* DATA FOR THIS EXERCISE *

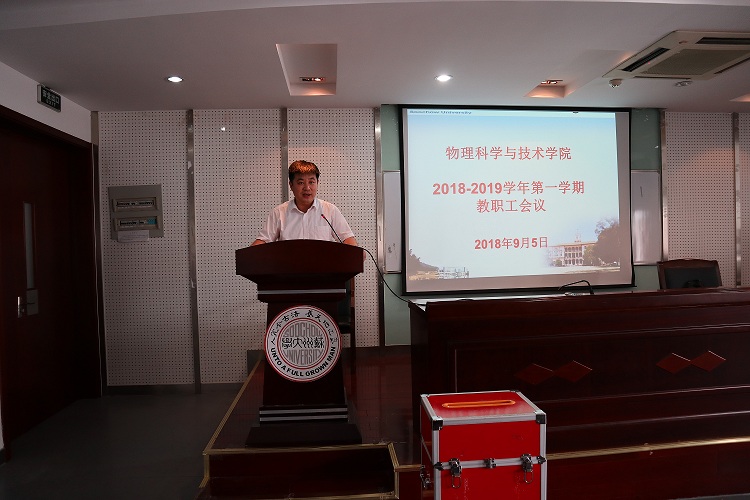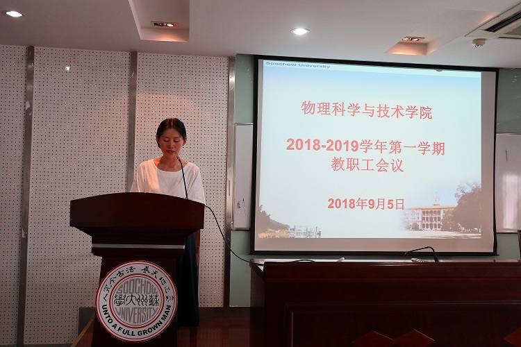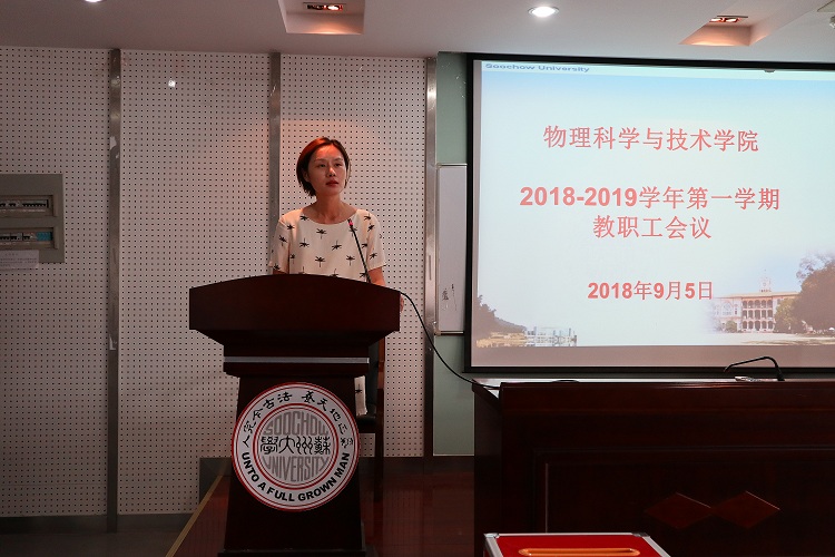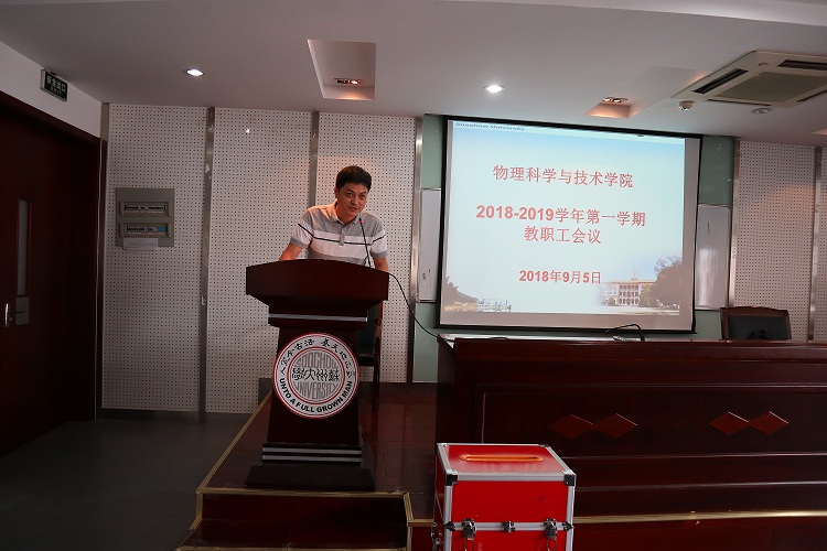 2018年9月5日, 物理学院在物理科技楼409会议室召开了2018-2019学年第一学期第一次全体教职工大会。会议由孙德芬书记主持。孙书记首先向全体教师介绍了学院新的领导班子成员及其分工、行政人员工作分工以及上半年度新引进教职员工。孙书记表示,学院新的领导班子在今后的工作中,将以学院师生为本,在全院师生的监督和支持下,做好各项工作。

==

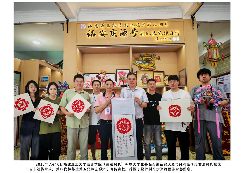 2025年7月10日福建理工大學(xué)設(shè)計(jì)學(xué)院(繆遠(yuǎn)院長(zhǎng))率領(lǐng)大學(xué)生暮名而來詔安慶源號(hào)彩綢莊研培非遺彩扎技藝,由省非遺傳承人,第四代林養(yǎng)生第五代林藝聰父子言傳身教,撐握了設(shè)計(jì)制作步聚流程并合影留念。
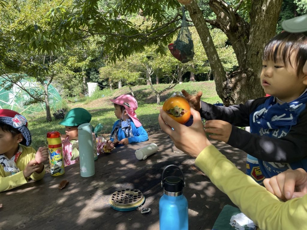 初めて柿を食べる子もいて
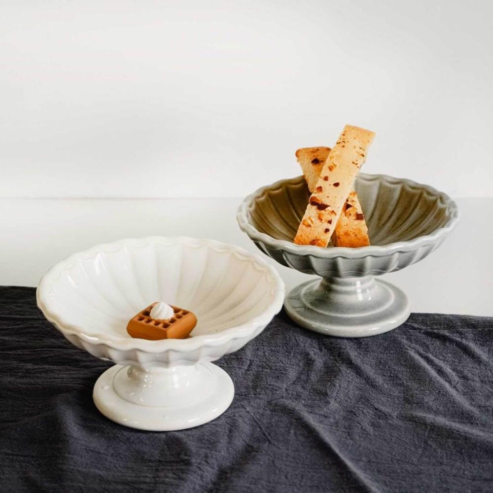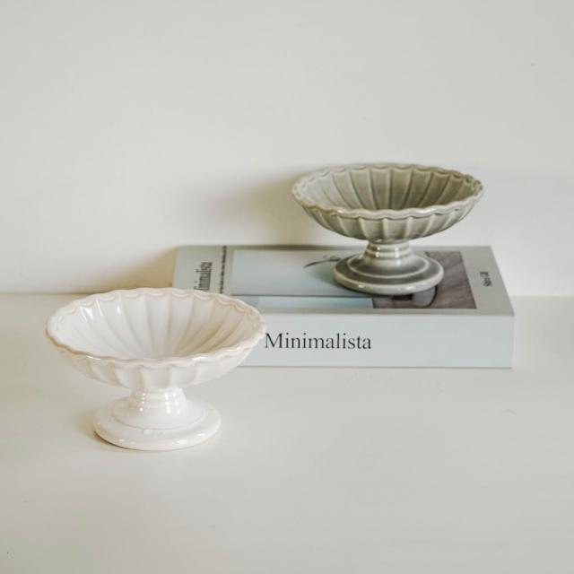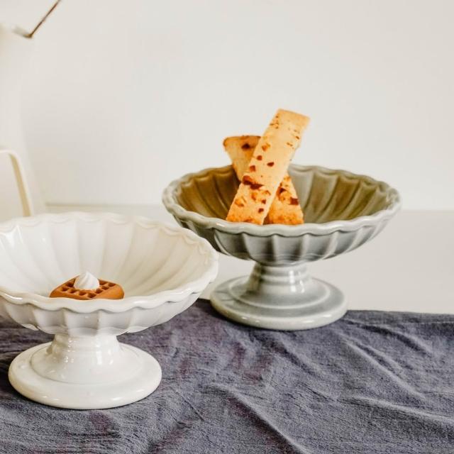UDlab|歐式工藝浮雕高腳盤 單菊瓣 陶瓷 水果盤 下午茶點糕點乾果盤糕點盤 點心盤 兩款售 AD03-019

* TASK TO CARRY OUT *
Take the entries above and copy exactly the lines starting at the one with "初めて柿を食べる子もいて" and ending at the one with "UDlab|歐式工藝浮雕高腳盤 單菊瓣 陶瓷"; nothing outside that span, and no pictures.

* TASK RESPONSE *
 初めて柿を食べる子もいて
UDlab|歐式工藝浮雕高腳盤 單菊瓣 陶瓷 水果盤 下午茶點糕點乾果盤糕點盤 點心盤 兩款售 AD03-019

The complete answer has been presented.